Kent-based financial adviser, David Braithwaite, explains how the credit crunch started and what it really means.
Last year, we would have all thought that the expression ‘credit crunch’ was a type of breakfast cereal, but now it is a word on everyone’s lips. But why? What happened and how does it affect us?
Like most things here, it started in America. Various lending institutions have always lent money to people in the "sub prime" arena – in other words, people who didn’t have the best track record in their ability to repay loans. The assumption was that the loans could always be maintained and that prices would continue to rise.
No one really knows how much was lent on this basis, but when things started to go wrong, banks became wary about who they then lent money to. The result was less cash being lent – a lack of liquidity.
Banks also lend money to one another. However, once this "crunch" started to happen and because no bank knew who the next Northern Rock was going to be, they all began to play their cards close to their chests and stopped lending to each other, preferring instead to keep their own cash to themselves.
The result of this is the cost of lending rising way above the Government’s targets. At the same time our household bills have increased, from food to fuel, making everyone rightfully nervous.
Now here is my crunch. We have never had so much information available to us, from so many sources, but sometimes the headlines are all we see.
Let me give you an example. We read that the Government has ploughed billions into the economy to prop up our ailing banking system, but in order to make sense of this and decide if it is time to panic or not, we need to put it into perspective. The billions which have been ploughed in are undeniably big numbers, but it is the equivalent of someone who earns £25,000 per year giving up £625.
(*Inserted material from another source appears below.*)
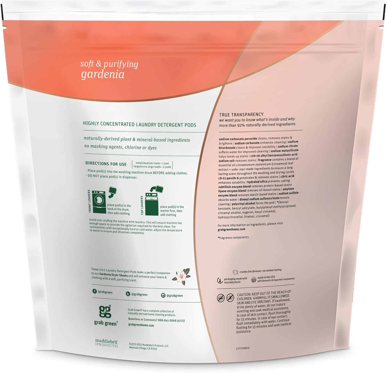• Contains: 1- 132 Pod Bag of Grab Green Natural Gardenia 3in1 Laundry Detergent Pods. Our velcro closure bags are convenient and easy to use, no hassling with frustrating zip closures
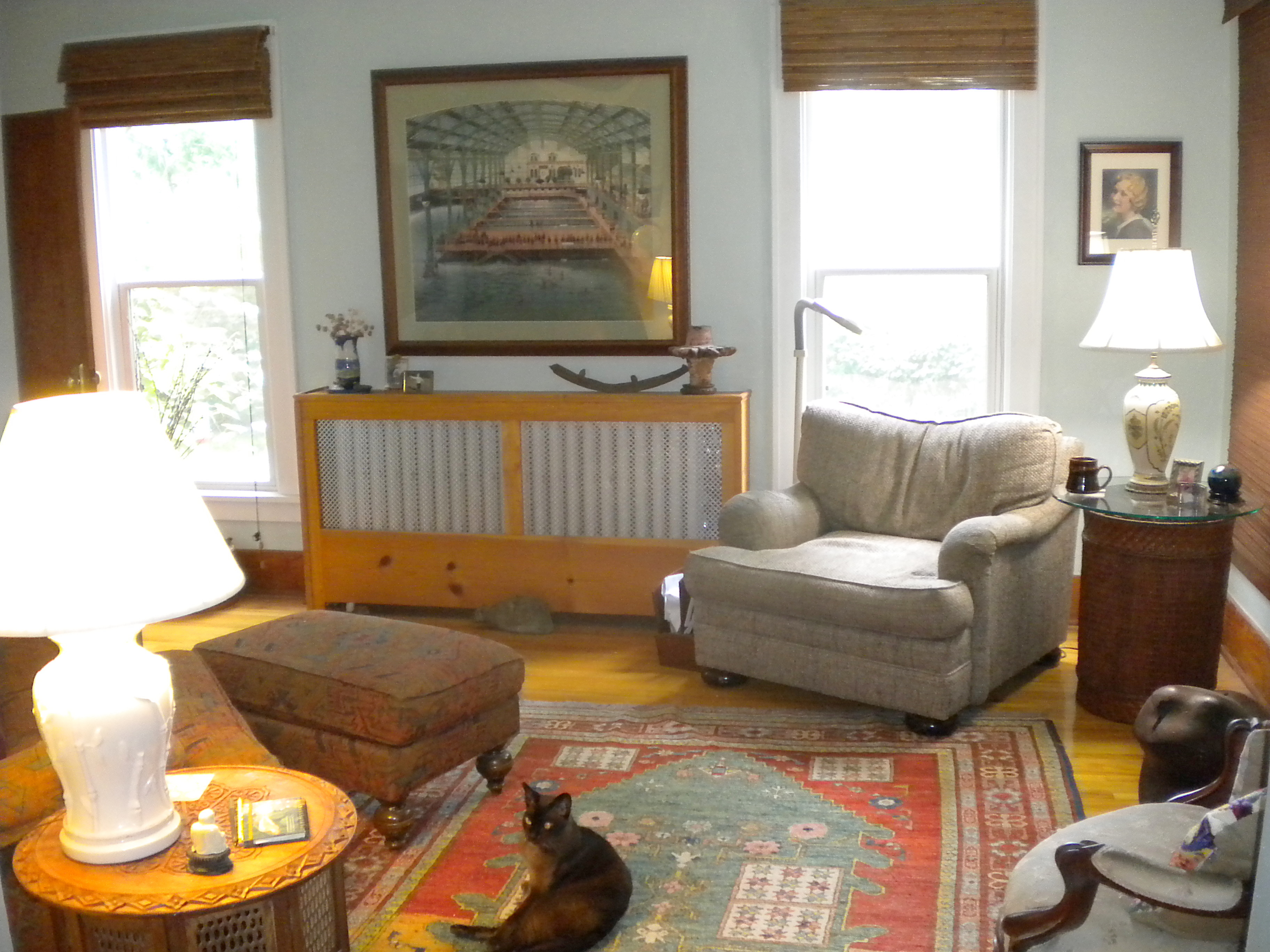 As I remember it, there had previously been a large loom and exercise equipment there and as in every room challenge in this old house – lots of doors, windows, radiators and not much space.

There is still plenty of money to go round, and what has been done so far is actually a drop in the ocean to the Treasury.
I’m not trying to make light of the demise many of us are feeling right now and certainly it is a sad sign of our times that various industries, and ultimately jobs, are at risk.
The good news is these economic times are cyclical, things will get better - we just don't exactly know when. We have seen the price of car fuel decrease, some foods are cheaper, and VAT has reduced to 15%. If you can afford to invest for the long term and have an appetite for a degree of risk with some of your money, there probably hasn’t been a better time to invest.
Have you also noticed the reduction in junk mail from people offering you credit and loans? Every crunch has some silver lining if you look hard enough.